Tax recommendations threaten future prosperity  

6 March, 2019

Federated Farmers is calling on the Government to reject the majority of the raft of new taxes proposed by the Tax Working Group. 

“Small business would pay the costs, large business would spend thousands avoiding the costs and tax advisors and valuers would have a field day,” Federated Farmers Vice-President Andrew Hoggard says.

“There is possibly an argument for a Capital Gains Tax aimed at rental properties if there was some sound evidence it would dampen investor speculation, and reduce price pressure and first home buyers being out-bid.  But even with that, we haven’t given the tougher ‘bright line’ test rules a chance to really kick in.

Labour and their Coalition partners must be aghast at the chorus of anger from so many sections of New Zealand society about the Tax Working Group’s proposals.  

Feds believes they should heed the comments of the group’s chairman, Sir Michael Cullen, who publicly reminded people that he had not promoted a comprehensive capital gains tax during his nine years as Minister of Finance for the Helen Clark-led Labour Coalition Government.  

“Sir Michael also said that New Zealand was so clever we knew a comprehensive capital gains tax was a bad idea or not clever enough to put one in place,” Andrew says.

“I go for the former conclusion – that on balance a capital gains tax is a bad idea.  It’s clear that a CGT would do little extra, above what the government is already doing, for housing affordability but would just add an additional layer of costs for businesses, and given it won’t even apply to the vast bulk of houses, again how will it solve housing affordability. 

“Fairness has been mentioned a lot in this discussion - why should the capital gains on a $2 million small farm in Eketahuna be taxed, but a similar valued house in Ponsonby not.
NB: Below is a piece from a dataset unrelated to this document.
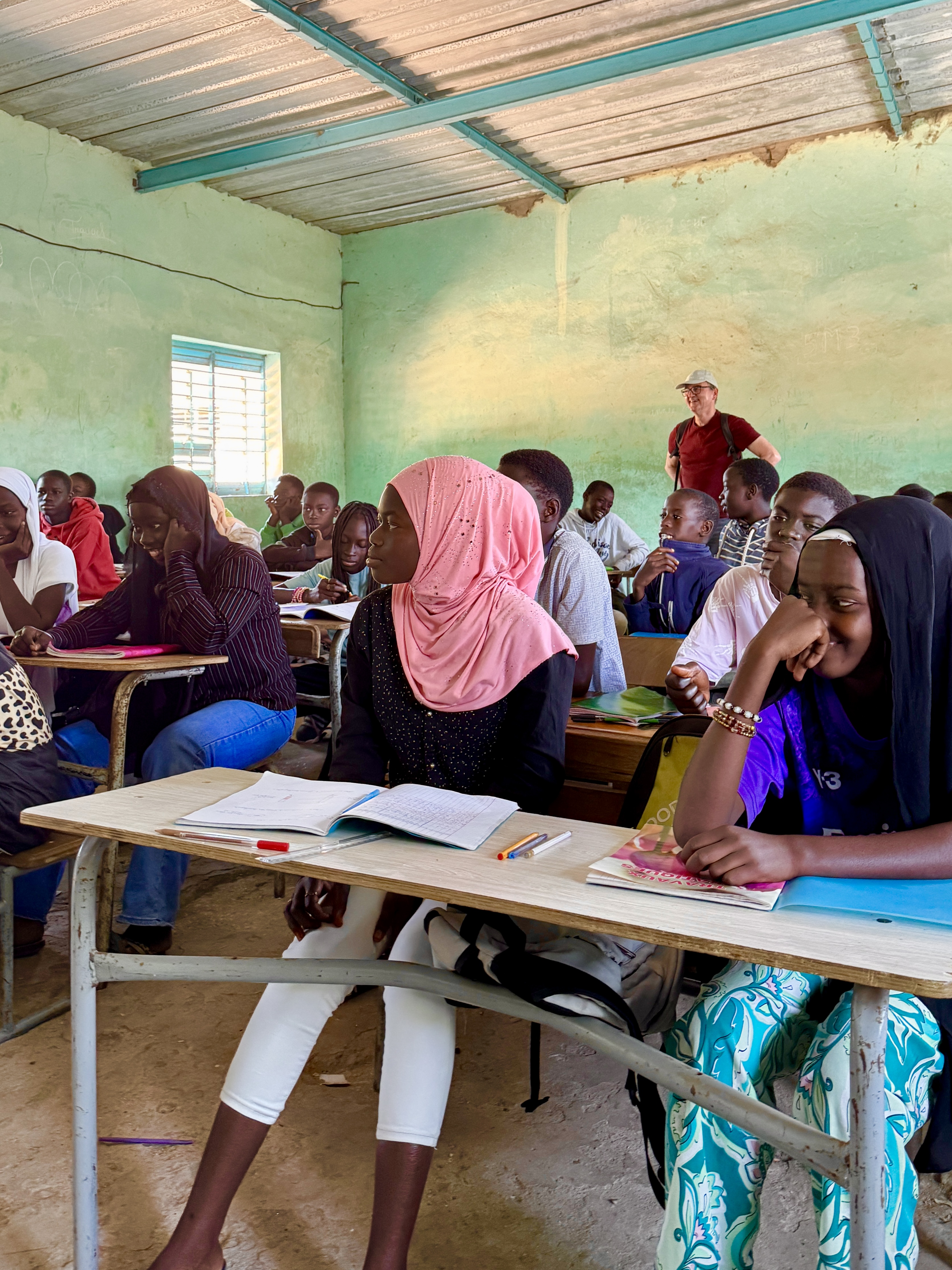Ce matin, cap sur Gandiol pour retrouver Jean Noël, figure clé d’une association humanitaire où mes beaux-parents sont engagés. L’accueil est chaleureux et nous découvrons avec lui le collège et le lycée du village, véritables symboles des efforts menés pour l’éducation. Un professeur nous invite même à assister à son cours de français et à prendre place parmi les élèves.

Either everyone is in or no-one is.”     

The National Party has been quick out of the blocks to start putting some numbers on the financial implications of the Tax Working Group’s proposal.  
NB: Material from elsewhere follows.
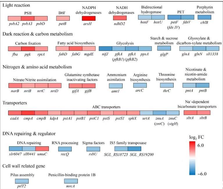 與以上光反應相關基因的差異化表達趨勢類似,在高光條件下,相比野生型6803,高光6803中與光合固碳、能量-物質代謝、跨膜轉運相關基因的表達水平也有顯著變化。如cmpA、cmpB編碼ATP依賴的碳酸氫鹽轉運蛋白復合物組分,cmpA與cmpB的表達分別上調了24.3倍與10.5倍。此外,編碼卡爾文循環中核糖5-磷酸異構酶的rpiA表達上調了6.0倍,編碼磷酸甘油酸激酶的pgk、編碼果糖-1,6-二磷酸醛縮酶的fba表達分別上調21.5倍與7.0倍。因此,我們推測高光6803耐高光、生長快、生物量積累多也得益于碳酸氫鹽轉運蛋白復合物、固碳反應相關基因的表達上調。

“If anything, their estimates on the fall-out may be a bit light as, for instance, they took a mid-point view on a number of figures.  

“For example, a 2018 Landcare report calculated that a charge on methane for a sheep and beef farm could be as high as 123% of their net profits  - a nationwide cost in the order of $2 billion and a cost per sheep and beef farm of about $120,000.”

“In our view the environmental taxes that have been mooted will be even worse than a CGT,” Andrew says.

A tax on nitrogen loses will require the use of the Overseer modelling programme but it has a 20% margin of error.

“How many people would like IRD applying a 20% margin of error to their taxes. Overseer is a fantastic tool for what it was developed for, but it wasn’t designed as a tax calculator. Also, nitrogen is not the issue in every catchment in this country. Taxing every farmer and grower on nitrogen losses or a tax on nitrogen fertiliser, just takes money away from primary producers that they could spend on the mitigations that are needed for their specific catchment.”